## Excerpts from a dataset:
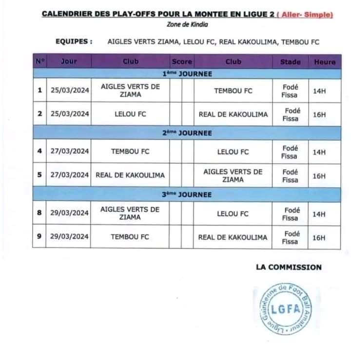 Lundi, 25 mars 2024, sous la houlette de la Ligue Guinéenne de Football Amateur, les Play-Offs pour la montée en Ligue 2 vont démarrer à (Kindia), au grand stade Fodé Fissa. Après les matchs de poules, organisés sur toute l’étendue, 4 équipes se sont qualifiées pour ces Play-Offs de la montée. Il s’agit de Lelou FC, Tembou FC, Aigles verts de Ziama, aussi le Réal de Kakoulima tous engagés pour la (D2)
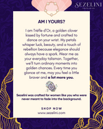 I am Trèfle d’Or, a golden clover kissed by fortune and crafted to dance on your wrist. My petals whisper luck, beauty, and a touch of rebellion because elegance should always have a spark. Wear me as your everyday talisman. Together, we’ll turn ordinary moments into golden chances. And every time you glance at me, may you feel a little braver, a little luckier, and a lot more you.
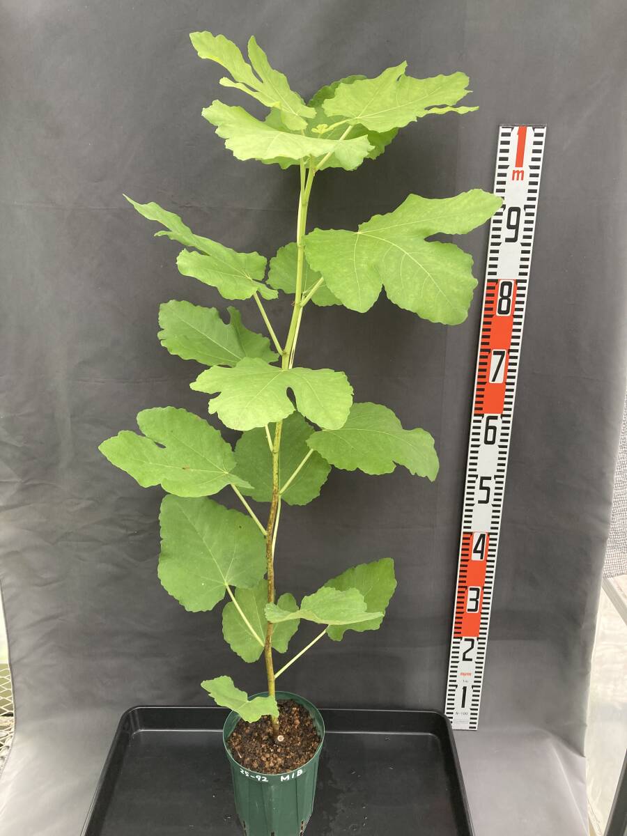 ご覧くださり、ありがとうございます。 Madeira Island Black ( MIB )( マデイラ アイランド ブラック( MIB ) )の苗木です。 今年の4〜5月に親木をカットして挿木しました。 結実実績はまだありません。 果実の画像は参考資料としてご覧ください。 (果実の画像は受粉果かもしれませんので、イチジクコバチがいない日本で収穫した果実は、画像通りにならない可能性があることをあらかじめご了承ください。) ポルトガルのマデイラ島原産です。 海外のイチジク愛好家の方は栽培されている方が多いようです。 秋果専用種で、Black Madeira(ブラック マデイラ)とは別品種です。 実食している穂木入手先の方にお聞きしたところ、味わいが異なるそうです。 地域差があるとは思いますが、海外で実際に栽培されている方によると、MIB は7月下旬から熟し、BMは9上旬から熟したそうで、収穫はBMよりも早いようです。 樹勢はBMよりも強いとのことです。 ベリーの風味はBMほど強くないようですが、その分バランスが取れた美味しい味わいだそうです。 味は人によって好みがありますが、収穫期間・樹勢の強さ・味わいのバランス等から、BMよりも優れた品種として位置付けている方も多いようです。 ただ畑の親木の様子を見ると、樹勢はCraven's Craving の方が断然強いような気がします。 まだ日本ではあまり栽培されていませんが、美味しさも含めて優れた品質から、周知されると人気が出てくるかもしれません。 YouTubeに動画がアップロードされています。 BMやCraven's Cravingとの比較の動画もあります。 興味のある方は是非ご覧になってみてください。 今シーズンは、あと数本出品する予定です。 根がサークリングしにくい15cmロングスリット鉢使用です。 土が乾かないように鉢をビニール袋で包んで鉢押え付きの段ボールに入れてお送りします。 土が乾かないように鉢をビニール袋で包んで鉢押え付きの段ボール箱に入れてお送りします。 農薬・化学肥料等は一切使用せずに育てています。 ご検討の程、よろしくお願い致します。 「Yahoo!オークション」を通してのご縁に心から感謝いたします。 |
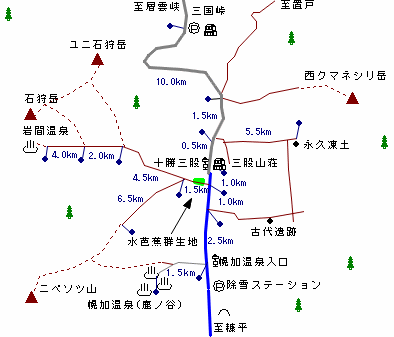 (交通:帯広-[バス97分・4往復]-糠平-[バス20分・ノースライナーみくに2往復]-十勝三股)
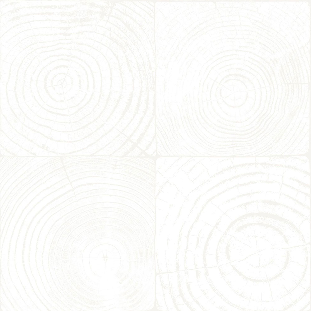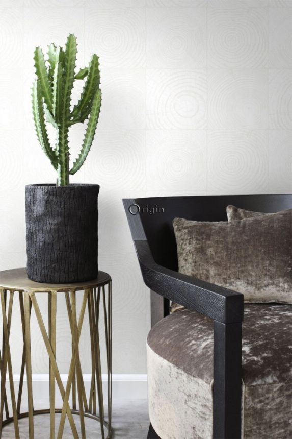 Non-woven wallpaper, imitation wood with annual rings, matt white and metallic pearl colors.
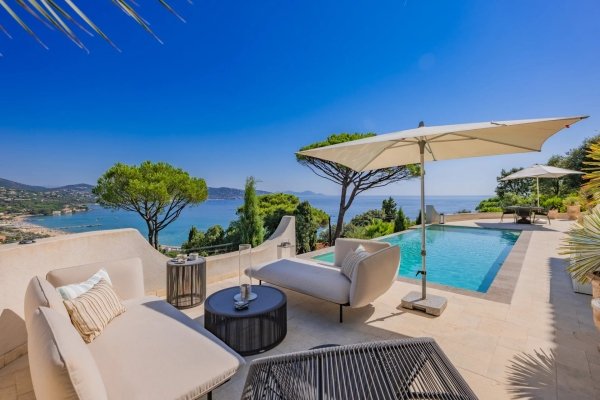 Diese Villa befindet sich in dominanter Lage in einem der begehrtesten Viertel von Sainte-Maxime und bietet einen atemberaubenden Panoramablick auf das Meer und den Strand von Nartelle.
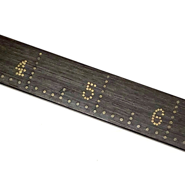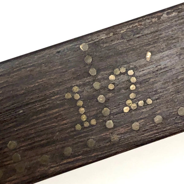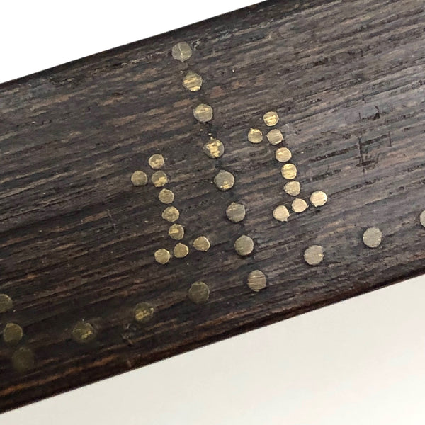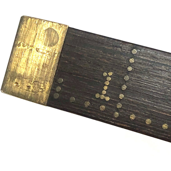 The first thing this lovely ruler made me think of was antique treen snuff boxes finely decorated with tiny brass nails, and this feels very much of that ilk--as well as reminding me of Victorian pin cushions with phrases spelled out in stick pins that I am forever coveting! I believe it is likely British, I think the wood is rosewood, and the nails were individually inlaid—with the added benefit being that one can feel the numbers with the tips of the fingers, so this would be the perfect ruler for someone with limited sight! I’ve found some mention of rulers in this manner as used by dressmakers, but I'm not completely sure. My guess would be late 19th c. or so. So pretty.
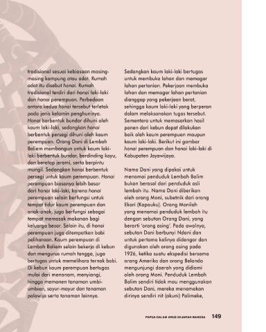 dan keuletannnya dalam berjuang walaupun mereka tinggal di gubuk- adat itu disebut honai. Rumah lahan pertanian. Pekerjaan membuka

## Work item:
A word-for-word copy of the records is needed, one that contains no pictures.

## The completed task:
 Lundi, 25 mars 2024, sous la houlette de la Ligue Guinéenne de Football Amateur, les Play-Offs pour la montée en Ligue 2 vont démarrer à (Kindia), au grand stade Fodé Fissa. Après les matchs de poules, organisés sur toute l’étendue, 4 équipes se sont qualifiées pour ces Play-Offs de la montée. Il s’agit de Lelou FC, Tembou FC, Aigles verts de Ziama, aussi le Réal de Kakoulima tous engagés pour la (D2)
 I am Trèfle d’Or, a golden clover kissed by fortune and crafted to dance on your wrist. My petals whisper luck, beauty, and a touch of rebellion because elegance should always have a spark. Wear me as your everyday talisman. Together, we’ll turn ordinary moments into golden chances. And every time you glance at me, may you feel a little braver, a little luckier, and a lot more you.
 ご覧くださり、ありがとうございます。 Madeira Island Black ( MIB )( マデイラ アイランド ブラック( MIB ) )の苗木です。 今年の4〜5月に親木をカットして挿木しました。 結実実績はまだありません。 果実の画像は参考資料としてご覧ください。 (果実の画像は受粉果かもしれませんので、イチジクコバチがいない日本で収穫した果実は、画像通りにならない可能性があることをあらかじめご了承ください。) ポルトガルのマデイラ島原産です。 海外のイチジク愛好家の方は栽培されている方が多いようです。 秋果専用種で、Black Madeira(ブラック マデイラ)とは別品種です。 実食している穂木入手先の方にお聞きしたところ、味わいが異なるそうです。 地域差があるとは思いますが、海外で実際に栽培されている方によると、MIB は7月下旬から熟し、BMは9上旬から熟したそうで、収穫はBMよりも早いようです。 樹勢はBMよりも強いとのことです。 ベリーの風味はBMほど強くないようですが、その分バランスが取れた美味しい味わいだそうです。 味は人によって好みがありますが、収穫期間・樹勢の強さ・味わいのバランス等から、BMよりも優れた品種として位置付けている方も多いようです。 ただ畑の親木の様子を見ると、樹勢はCraven's Craving の方が断然強いような気がします。 まだ日本ではあまり栽培されていませんが、美味しさも含めて優れた品質から、周知されると人気が出てくるかもしれません。 YouTubeに動画がアップロードされています。 BMやCraven's Cravingとの比較の動画もあります。 興味のある方は是非ご覧になってみてください。 今シーズンは、あと数本出品する予定です。 根がサークリングしにくい15cmロングスリット鉢使用です。 土が乾かないように鉢をビニール袋で包んで鉢押え付きの段ボールに入れてお送りします。 土が乾かないように鉢をビニール袋で包んで鉢押え付きの段ボール箱に入れてお送りします。 農薬・化学肥料等は一切使用せずに育てています。 ご検討の程、よろしくお願い致します。 「Yahoo!オークション」を通してのご縁に心から感謝いたします。 |
 (交通:帯広-[バス97分・4往復]-糠平-[バス20分・ノースライナーみくに2往復]-十勝三股)
 Non-woven wallpaper, imitation wood with annual rings, matt white and metallic pearl colors.
 Diese Villa befindet sich in dominanter Lage in einem der begehrtesten Viertel von Sainte-Maxime und bietet einen atemberaubenden Panoramablick auf das Meer und den Strand von Nartelle.
 The first thing this lovely ruler made me think of was antique treen snuff boxes finely decorated with tiny brass nails, and this feels very much of that ilk--as well as reminding me of Victorian pin cushions with phrases spelled out in stick pins that I am forever coveting! I believe it is likely British, I think the wood is rosewood, and the nails were individually inlaid—with the added benefit being that one can feel the numbers with the tips of the fingers, so this would be the perfect ruler for someone with limited sight! I’ve found some mention of rulers in this manner as used by dressmakers, but I'm not completely sure. My guess would be late 19th c. or so. So pretty.
 dan keuletannnya dalam berjuang walaupun mereka tinggal di gubuk- adat itu disebut honai. Rumah lahan pertanian. Pekerjaan membuka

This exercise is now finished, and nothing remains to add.